Last week, Khamenei clarified that Iran would not cooperate with the United States against the Islamic State, saying America’s “hands were dirty and intentions murky.” Iranian President Hassan Rouhani derided U.S. strategy as “ridiculous.”

As far back as June, U.S. Secretary of State John Kerry spoke of the possibility of working with Iran. He said the U.S. was “open to discussions” with Iran and that it “would not rule out anything.” But Kerry responded to questions raised by Sen. Marco Rubio at a Senate Foreign Relations Committee hearing on September 17 by insisting that he “never said anything about coordinating” with Iran or Syria. But, he said, “If we are failing and failing miserably, who knows what choice they might make” in an effort to “take on [the Islamic State].” Two days later, Secretary Kerry said at a United Nations Security Council meeting on Iraq that “there is a role for nearly every country in the world to play, including Iran.”

The murkiness surrounding United States-Iran cooperation shows just how much leverage Iran can wield in nuclear negotiations when it comes to fighting the Islamic State.

But as Commentary magazine’s Jonathan Tobin wrote on September 3, “The U.S. doesn’t have to choose between an [Islamic State]-run Iraq and a nuclear Iran. Both are disasters that must be averted at all costs.” Tobin concluded, “Strong American leadership could rally the world behind the fight against [the Islamic State] and efforts to isolate Iran until it renounces its nuclear ambitions forever. Unfortunately, that appears to be the one thing lacking in Washington these days.”

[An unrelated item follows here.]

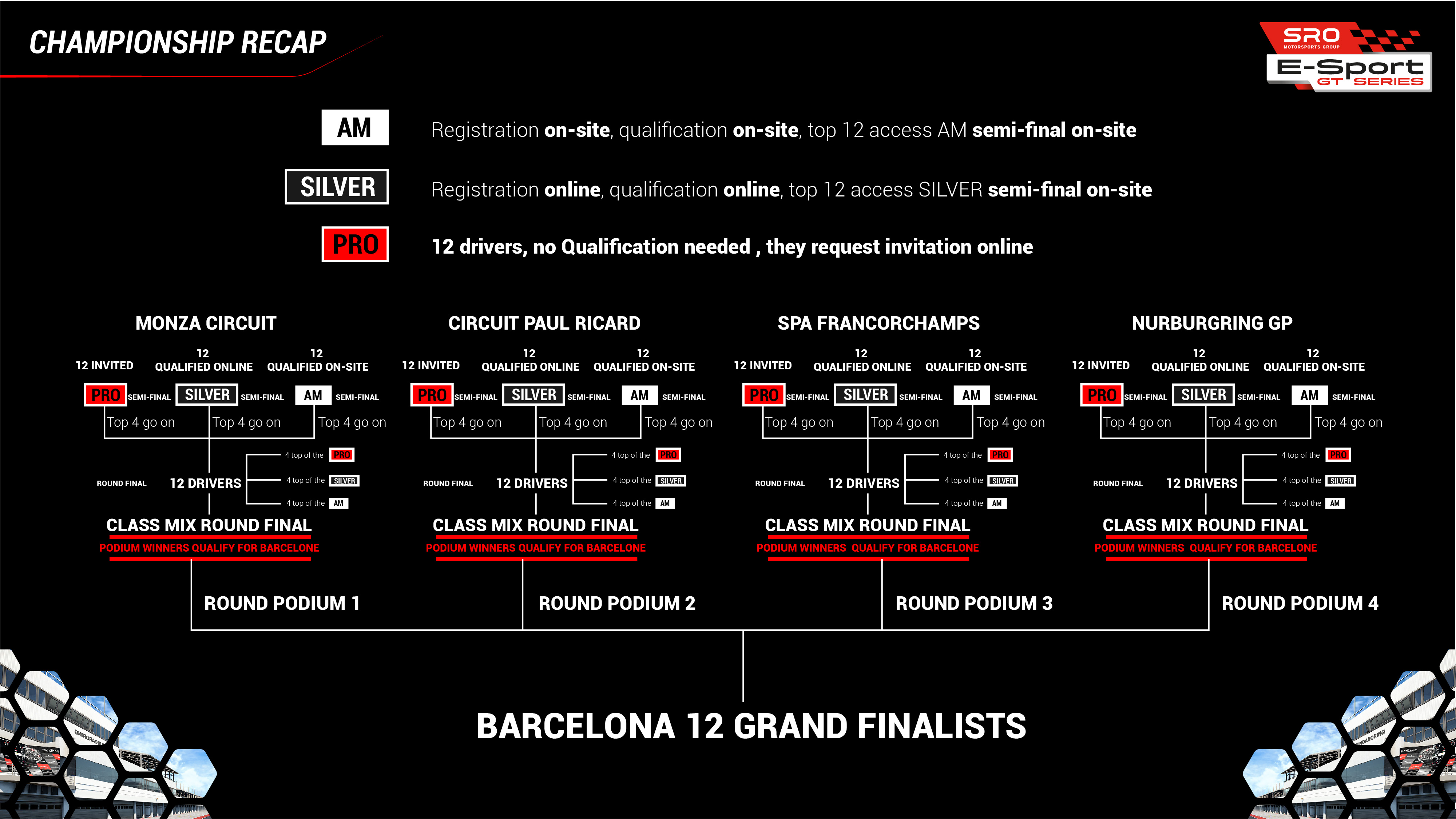 Her yarı finalin en iyi 4 sürücüsü (en iyi 4 AM, 4 SILVER, 4 PRO yarı finalisti) Round finaline (sonra en iyi 4 AM, 4 SILVER, 4 PRO'dan oluşan toplam 12 sürücü arasından girecektir. ). Bu yarış rutini, Monza Yarış Pisti, Paul Ricard Pisti, Spa Francorchamps, Nurburgring GP) 4 eleme turunun her birine uygulanacak.

Indecisive action on Iraq, Syria and Iran is haunting America and empowering some of the nation’s fiercest enemies. We can expect these effects to continue getting worse, as our Trumpet Daily program “America Urges Mortal Enemy to Save Iraq” explains. In reality, this situation is certain to deteriorate until God intervenes to impose permanent world peace and cooperation among all nations.